What you need to do.
Copy exactly the lines from the start of the material through the line with "Green Moss Agate". Pictures stay out of the copy.

Raw data.

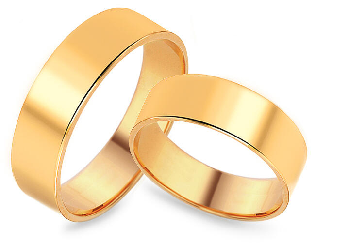 Sárga, tizennégy karátos aranyból készült jegygyűrűk, lapos profillal, melyeknek szélessége 6 mm. A karikagyűrűk felülete sima és magasfokú polírozással kezelt. Ennek köszönhetően tökéletesen kiemelkedik az arany szépsége. A jegygyűrűk méretét külön-külön választhatja ki - a női és a férfi gyűrűjét egyaránt. Amennyiben be szeretné gravíroztatni az esküvő
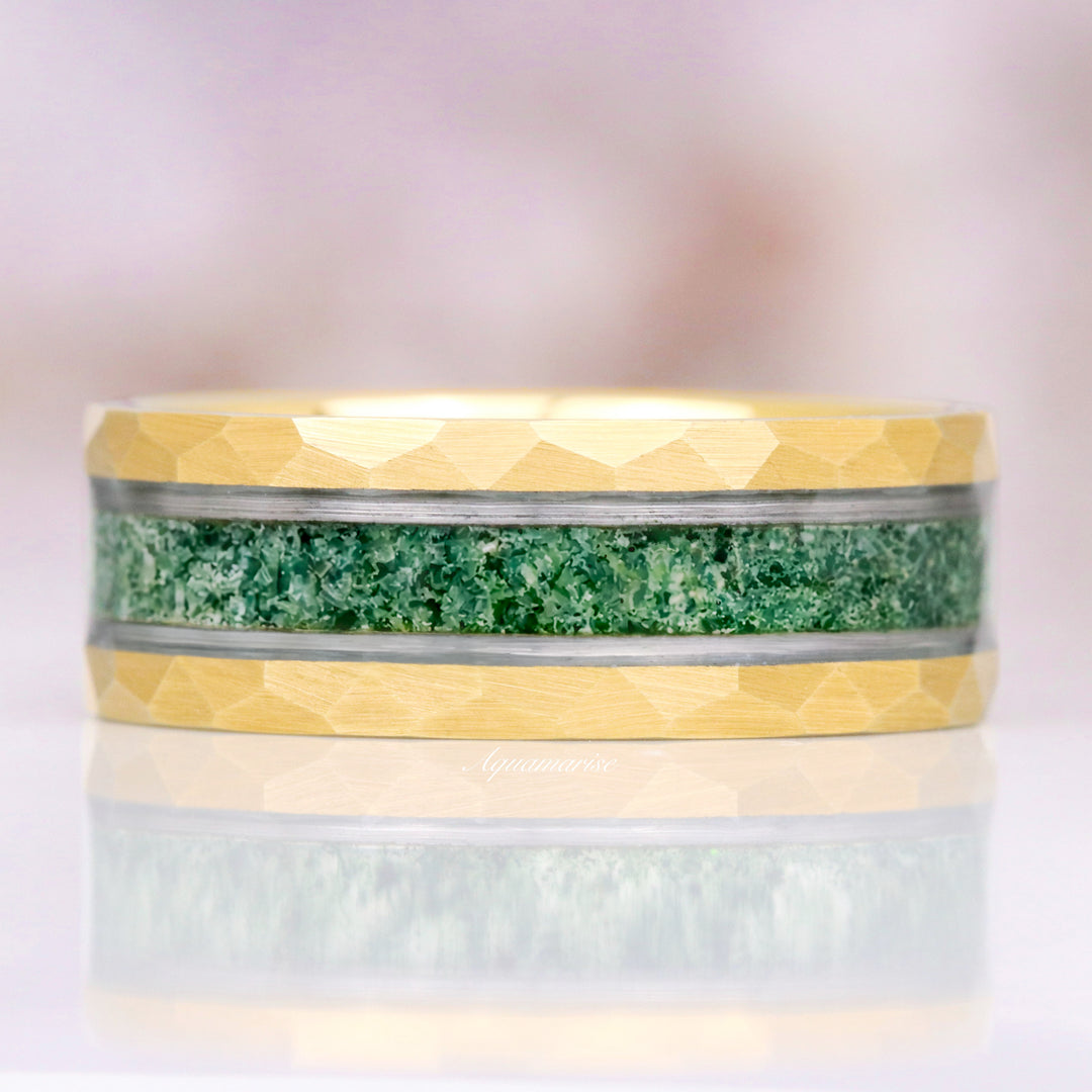 Green Moss Agate Wedding Band in Two Tone Black Tungsten Carbide (8mm)
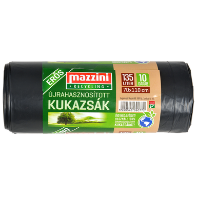 70*110 cm-es fekete színu kukaszsák rollniba tekercselve, színes papírcímkével átfogva..

Written answer.
 Sárga, tizennégy karátos aranyból készült jegygyűrűk, lapos profillal, melyeknek szélessége 6 mm. A karikagyűrűk felülete sima és magasfokú polírozással kezelt. Ennek köszönhetően tökéletesen kiemelkedik az arany szépsége. A jegygyűrűk méretét külön-külön választhatja ki - a női és a férfi gyűrűjét egyaránt. Amennyiben be szeretné gravíroztatni az esküvő
 Green Moss Agate Wedding Band in Two Tone Black Tungsten Carbide (8mm)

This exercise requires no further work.